Oleh: Lilis Suryani
BUMN nampaknya sedang menjadi perbincangan hangat di berbagai kalangan. Pasalnya, perusahaan milik negara yang bergerak dibeberapa sektor vital ini tengah mengalami kerugian.
Hal ini diungkap sendiri oleh Menteri BUMN, Erick Thohir, yang mengonfirmasi bahwa utang PT PLN (Persero) saat ini mencapai Rp500 triliun. Beliau mengatakan, salah satu cara yang dilakukan untuk membenahi keuangan PLN ialah menekan 50% belanja modal (capital expenditure/capex). (finance.detik.com,4/6/2021)
Sebagai masyarakat awam mungkin kita akan merasa aneh saat mendengar kata untung-rugi pada perusahaan milik negara. Seolah-olah negara tengah berjual beli dengan rakyatnya. Di lain sisi yang selama ini dipahami, BUMN itu berfungsi untuk menyejahterakan rakyat dengan memenuhi semua kebutuhan rakyat.
Sedangkan yang terjadi saat ini adalah seolah-olah perusahaan milik negara ini tidak ada bedanya dengan perusahaan swasta yang berorientasi pada keuntungan semata.
Disinyalir telah terjadi salah urus pada tubuh perusahaan milik negara ini sehingga orientasinya adalah untung-rugi bukan untuk menyejahterakan rakyat. Fungsi bisnis BUMN akhirnya lebih menonjol daripada fungsi pelayanannya.

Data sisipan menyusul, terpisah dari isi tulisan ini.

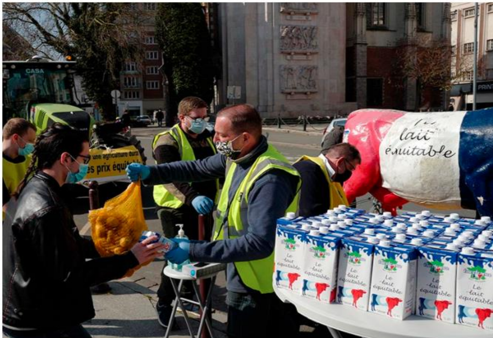
Hunger i Frankrike på grund av pandemin. Bönder delar ut mat i staden Lille i mars 2021.

Pandemin skjuter ner de globala utvecklingsmålen (ui.se)
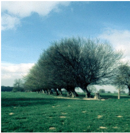
(Haie coupe-vent au Coudray-St-Germer)
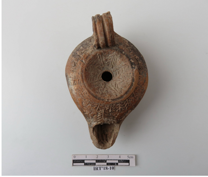
Şekil 11. MS 5-7. Yüzyıllara Tarihlenen Yerli Kandil. (İznik Kazı Projesi)
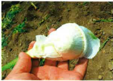
外側からどんどん剥がしてみるのですが、しわしわな皮状態が続きます。中はどうなってるの？

ボール状になった一玉のにんにく？っぽいものは出てきましたが、他のものを剥いてみると全然中身がないものさえありました。こうしたら割れないにんにくは、にんにくの芽も育たないそうです。なぜ、出来てしまうのか？種なのか育て方なのか？品質の良い、おいしいにんにくを育てるために頑張ります。
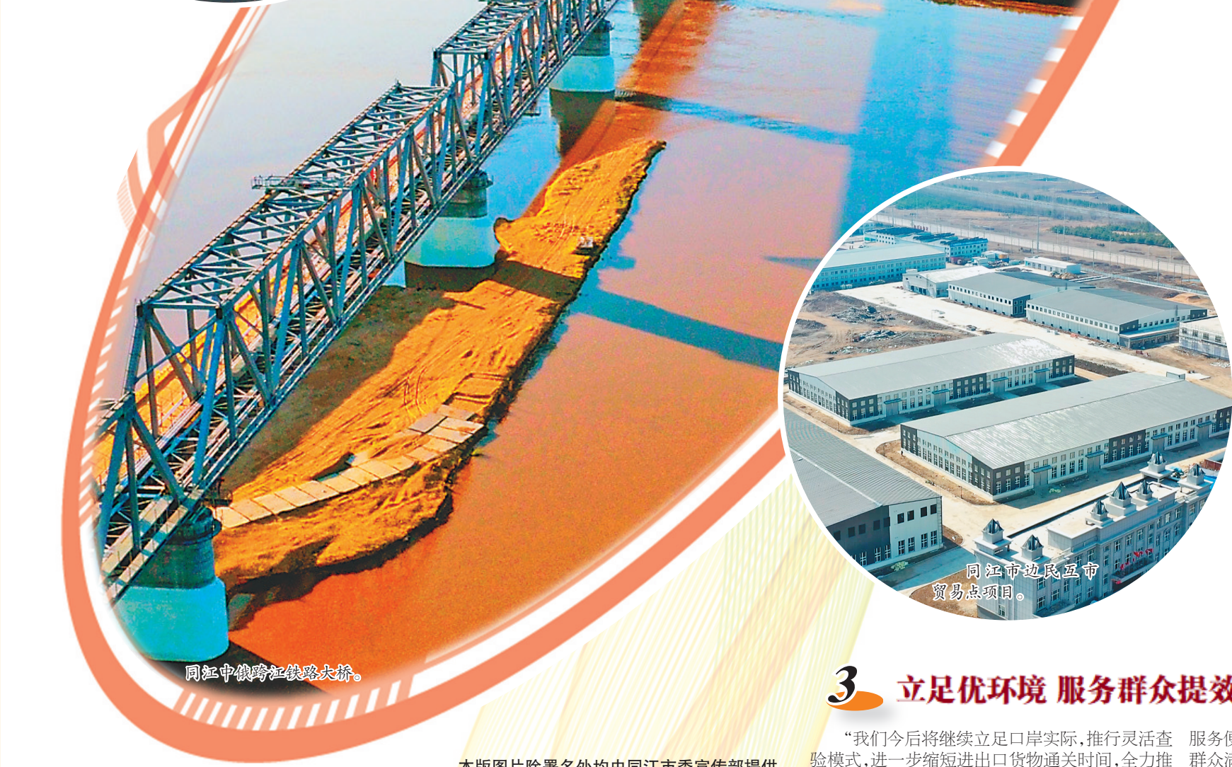
同江中俄跨境铁路大桥。

Ironisnya fungsi bisnis ini pun ternyata tak berjalan. Alih-alih memberi untung besar pada negara, pengelolaannya yang buruk membuat BUMN justru menjadi salah satu sumber masalah bagi negara.
Beberapa BUMN diketahui telah menjadi sarang korupsi yang berujung pada kerugian negara dengan nilai yang fantastis. Sementara yang lainnya terjebak dalam utang yang menggunung atau rugi akibat salah urus. Padahal di saat sama, keuangan negara sedang dalam kondisi nyaris kolaps.

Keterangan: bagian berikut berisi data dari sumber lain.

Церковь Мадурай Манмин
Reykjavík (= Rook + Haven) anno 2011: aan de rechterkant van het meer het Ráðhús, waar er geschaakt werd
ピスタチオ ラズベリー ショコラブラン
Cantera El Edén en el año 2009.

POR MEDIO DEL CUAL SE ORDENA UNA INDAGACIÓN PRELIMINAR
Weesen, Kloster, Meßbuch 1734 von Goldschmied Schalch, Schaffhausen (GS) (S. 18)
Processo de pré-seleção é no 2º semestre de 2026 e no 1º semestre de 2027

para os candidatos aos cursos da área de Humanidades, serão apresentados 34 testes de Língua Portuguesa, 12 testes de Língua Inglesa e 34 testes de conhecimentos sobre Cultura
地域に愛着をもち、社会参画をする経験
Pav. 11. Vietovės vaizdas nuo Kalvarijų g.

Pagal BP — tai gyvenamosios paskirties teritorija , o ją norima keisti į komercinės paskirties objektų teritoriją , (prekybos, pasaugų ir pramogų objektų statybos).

Di lain sisi banyak yang berspekulasi bahwa BUMN bukan milik negara lagi, melainkan milik segelintir orang hingga sesuka hati dalam mengelolanya. Saat BUMN untung, pihak tertentu saja yang menikmati.
Sementara ketika merugi dan berutang seperti saat ini, masalahnya dibagi-bagi kepada rakyat. Tentu, rakyat lagi yang diminta untuk menyelamatkan BUMN dengan berbagai kenaikan pajak misalnya.
Cara pandang kapitalistik yang lahir dari pemikiran Kapitalisme telah menggerogoti perusahaan milik negara ini dari dalam, hingga mengakibatkan kerapuhan dan keroposnya sendi-sendi pertahanan ekonomi negeri.